The Hydrosphere Flashcards
What is the hydrosphere?
The Earth’s outer layer of water (solid, liquid, and gas forms).
What is a catchment area?
It is an area where all lakes and rivers flow into the same larger body of water. Catches all rain water in this area.
What is a watershed?
It is where water flows downwards (from slopes or higher grounds) into the basin.
Name some human disturbances on watersheds.
Hydroelectric power plants, contaminants upstream…
What factors influence the temperature of water?
The seasons, the latitude and the depth.
Where are the oceans less salty?
At the poles because the frseh water caps melt into these oceans.
How do the oceans become salty?
The erosion of the lithosphere (minerals dissolving and running off into the water).
How are surface currents generated?
They are generated by the wind.
Explain surface surface currents.
It is the horizontal movement of the top 400m of ocean water.
What influences deep currents?
The temperature and salinity of the water.
Explain deep currents.
It is the vertical movement of the water caused by the changing density of water.
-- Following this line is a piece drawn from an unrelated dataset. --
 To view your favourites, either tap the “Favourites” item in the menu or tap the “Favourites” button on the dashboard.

For example, cold or very salty water is very dense and thus sinks, creating a current as it goes down. These movements happen 800m below the surface.
What is thermohaline?
It is the combination of surface currents and deep water currents, resulting in ocean circulation thus regulating the temperature and salinity of the oceans. It mixes water worldwide thus regulating the climate and overall temperature.
What is the cryoshpere?
It is the layer of ice on Earth.
What is an ice floe?
It is ice that floats in the ocean, formed by the freezing of cold water, and which breaks off into sheets.
What is a glacier?
They are made out of compressed snow on land. When they fall into the ocean, they are called icebergs.
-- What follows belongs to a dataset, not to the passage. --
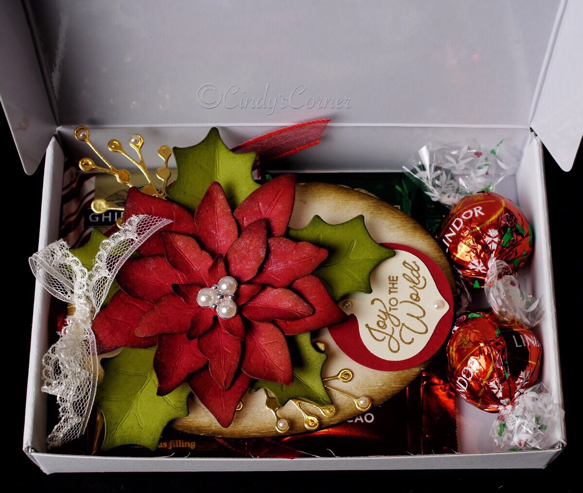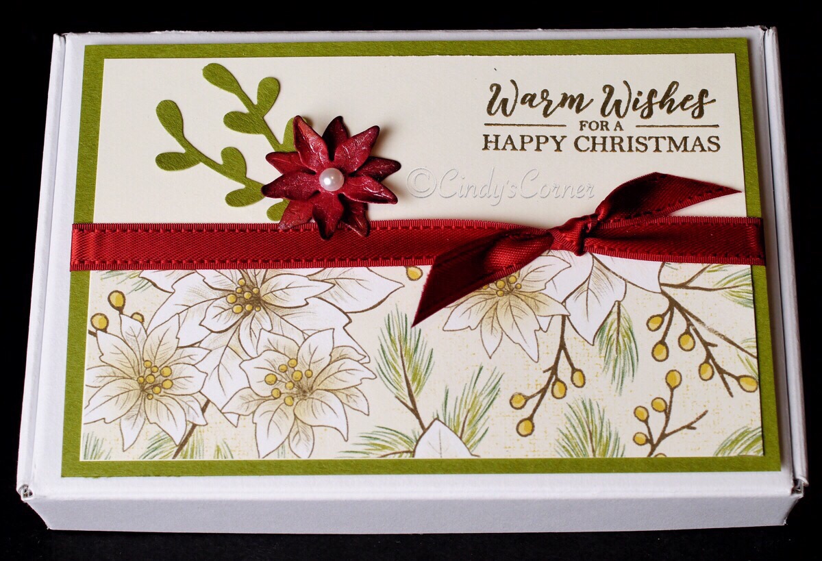 I used a little of the Poinsettia Place DSP to decorate the box. The greeting is from the Best Year Stamp Set, heat embossed in gold.

How does melting ice affect the ocean and the planet?
It disturbs thermohaline currents, increases the sea level and accelerates climate change globally.
What is hydraulic energy?
It is energy that is created from the natural movement of water (dams, turbines).
What is tidal energy?
It is energy created by the movement of the tides (turbines).
How are tides created?
Gravitational pull and inertia work in opposition, which creates tidal bulges on opposite sides of the planet. The ocean facing the moon is pulled by the moon’s gravity while on the opposite side of the planet, inertia creates another bulge.